• It Is Not Too Late, He Has 90 Days, Says Presidency
Piqued by the delays in nominating Justice Walter Samuel Onnoghen to the Senate for confirmation, the Peoples Democratic Party (PDP), said it has reviewed “the dirty politics surrounding the appointment of a substantive Chief Justice of Nigeria (CJN), particularly at the Presidency.”
Consequently the party declared that President Muhammadu Buhari’s failure to submit the Onnoghen’s name to the Senate for confirmation was “shockingly embarrassing.”
The party called on the National Judicial Council (NJC) to reject the option of recommending another person and insist on Onnoghen as its only
choice, to frustrate what it called the President’s attempt at reserving the position for only a person from the northern part of the country.
However, the Presidency has denied insinuations that the President does not want to forward the name of the Acting CJN to the Senate for confirmation, saying that the law stipulates 90 days.
The Special Adviser to the President on Media and Publicity, Femi Adesina, disclosed that Justice Onnoghen could serve as Chief Justice of Nigeria in acting capacity for three months, stressing that the acting CJN “has not even served one” out of the three months stipulated by the Constitution.
Similarly, the Senior Special Assistant to the President on Media and Publicity, Garba Shehu, yesterday, said President Buhari still has a three-month window within which to decide on the matter.
“We don’t think that there is a live issue for reporting, given that the President has a three-month statutory window within which to decide the matter.

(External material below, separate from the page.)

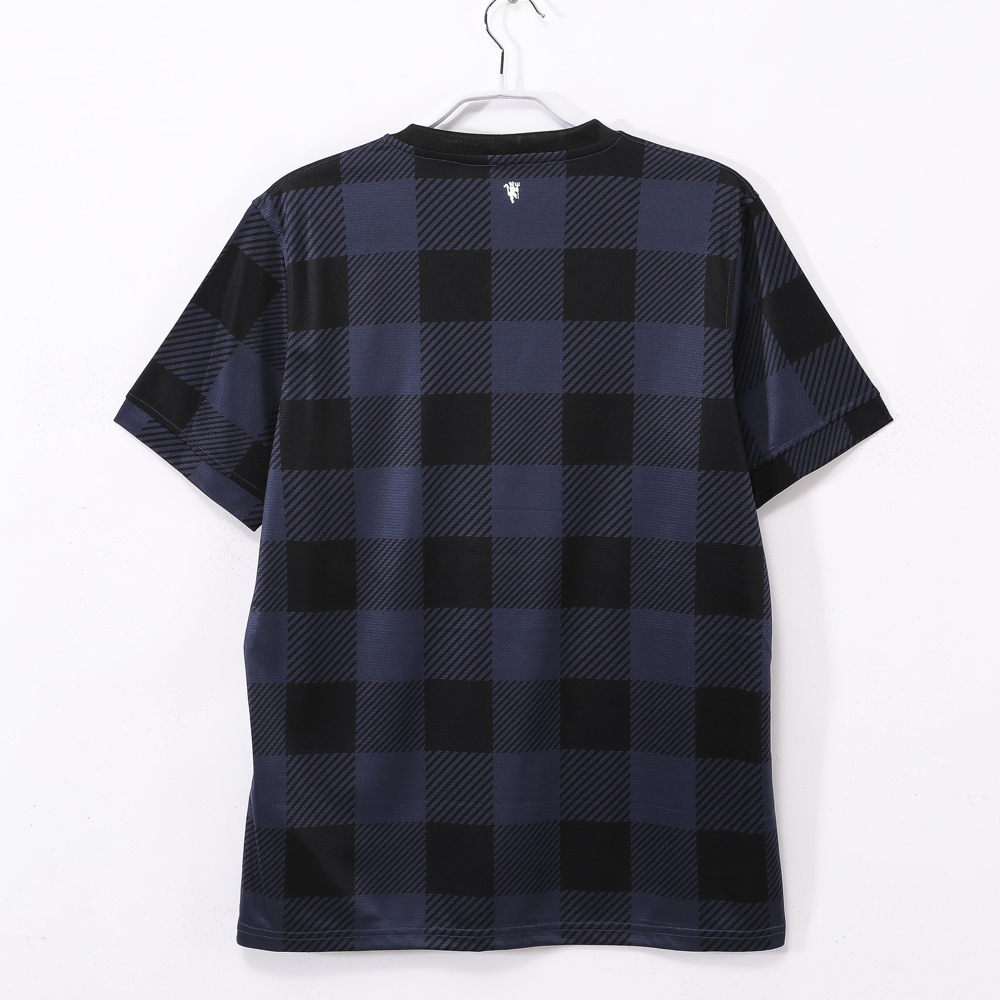 This iteration features a navy and black checkered pattern with monochrome club crest and branding, emphasizing understated sophistication.

By our count, that three-month period has not lapsed.”
President Buhari on November 10, 2016 inaugurated 66-year-old Justice Onnoghen as the Acting CJN in compliance with Sections 230(4) and 231(1) of the 1999 Constitution at a brief ceremony in the Villa.
However, as 2016 drew to an end and Justice Onnoghen’s name was not forwarded to the National Assembly for confirmation, speculations became rife that the delay was indicative of the presidency’s disinclination towards his appointment as substantive CJN, more so when his acting status ends in February 2017.
Officials in the judiciary say it is unprecedented to have a CJN in acting capacity for three months.
Also, in a telephone interview with The Guardian in Abuja, the spokesman to the national caretaker committee of the PDP, Prince Dayo Adeyeye, said the party was still very surprised that the President has refused to send Onnoghen’s name to the Senate for confirmation as the substantive CJN.
PDP said: “We in the PDP are bewildered by the action of the President. It is unprecedented since the beginning of Nigeria and even this democracy, for
the President not to go by the recommendation of the NJC.
“Normally, in the Supreme Court now, there is a tradition that has been well established which is the fact that it is the most senior justice that is appointed as CJN whenever there is a vacancy in the position of that office of the CJN.”
“The president,” PDP said further, “by his actions, his pronouncements and everything he has done since he assumed office has demonstrated that
he is not a president for all. Buhari is a president for a section of the country,who is extremely parochial, nepotistic, very tribalistic and does not hide it; and he doesn’t care about it.”
PDP noted that “the man (Onnoghen) will only serve for a few years and leave his position.” PDP noted that the last seven justices of the
Supreme Court have come from the North and this should be the first time Nigeria would produce CJN from the South.
There are allegations that President Buhari has no confidence in Justice Onnoghen doing his bidding to allegedly pervert justice, hence he appointed him in acting capacity contrary to practice and convention in the Judiciary.